PROBLEM:
In the data below, find the line that contains "莫高窟位于敦煌市区以东25公" and the line that contains "テストが成功すると、Zoho". Copy both, plus every line between them, exactly.

RECORDS FOR THIS EXERCISE:
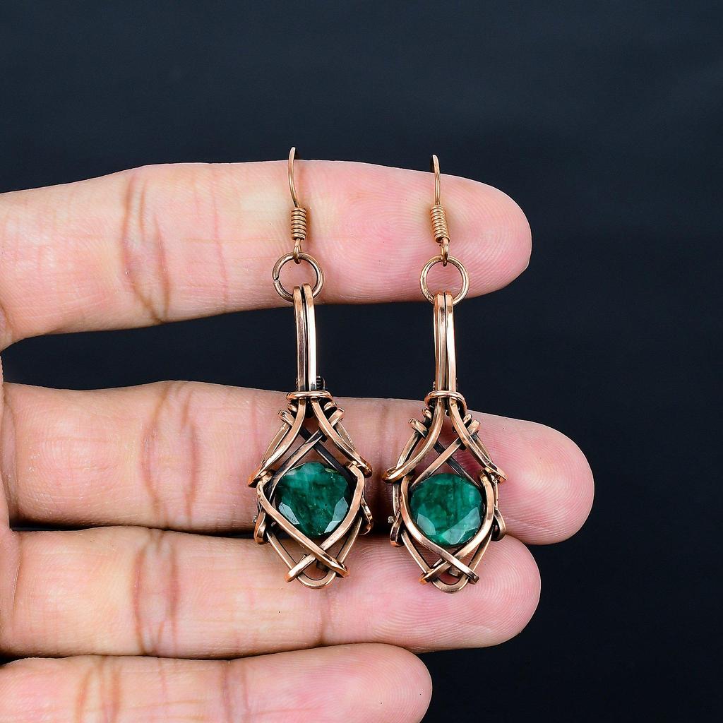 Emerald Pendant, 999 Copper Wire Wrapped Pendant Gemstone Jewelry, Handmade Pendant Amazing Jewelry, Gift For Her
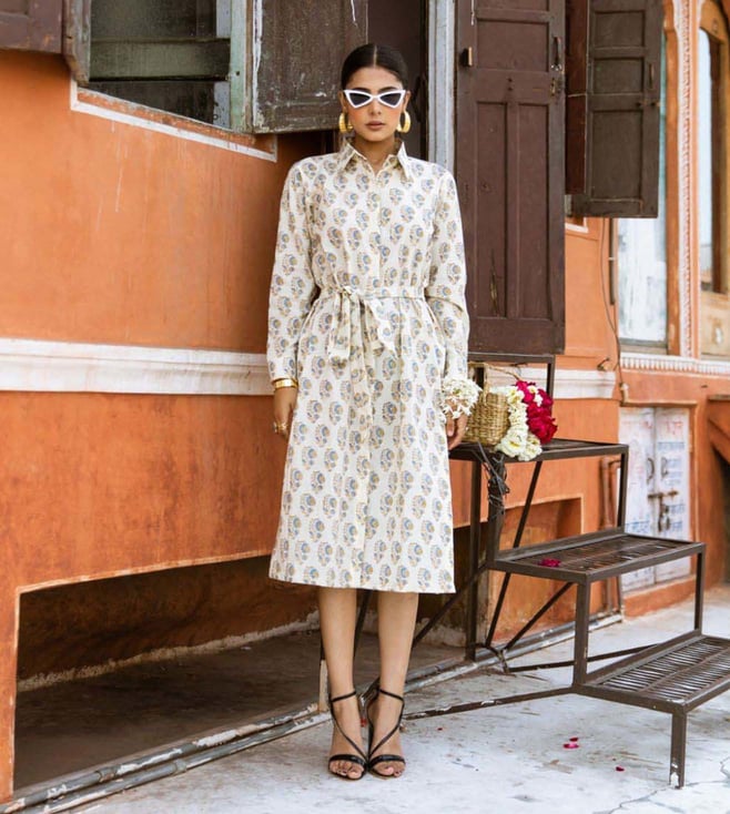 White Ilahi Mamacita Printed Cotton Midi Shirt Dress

--

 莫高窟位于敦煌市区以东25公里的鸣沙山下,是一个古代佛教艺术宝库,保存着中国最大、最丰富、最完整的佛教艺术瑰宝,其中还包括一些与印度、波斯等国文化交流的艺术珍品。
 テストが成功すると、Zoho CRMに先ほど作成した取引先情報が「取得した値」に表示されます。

RESPONSE BELOW:
 莫高窟位于敦煌市区以东25公里的鸣沙山下,是一个古代佛教艺术宝库,保存着中国最大、最丰富、最完整的佛教艺术瑰宝,其中还包括一些与印度、波斯等国文化交流的艺术珍品。
 テストが成功すると、Zoho CRMに先ほど作成した取引先情報が「取得した値」に表示されます。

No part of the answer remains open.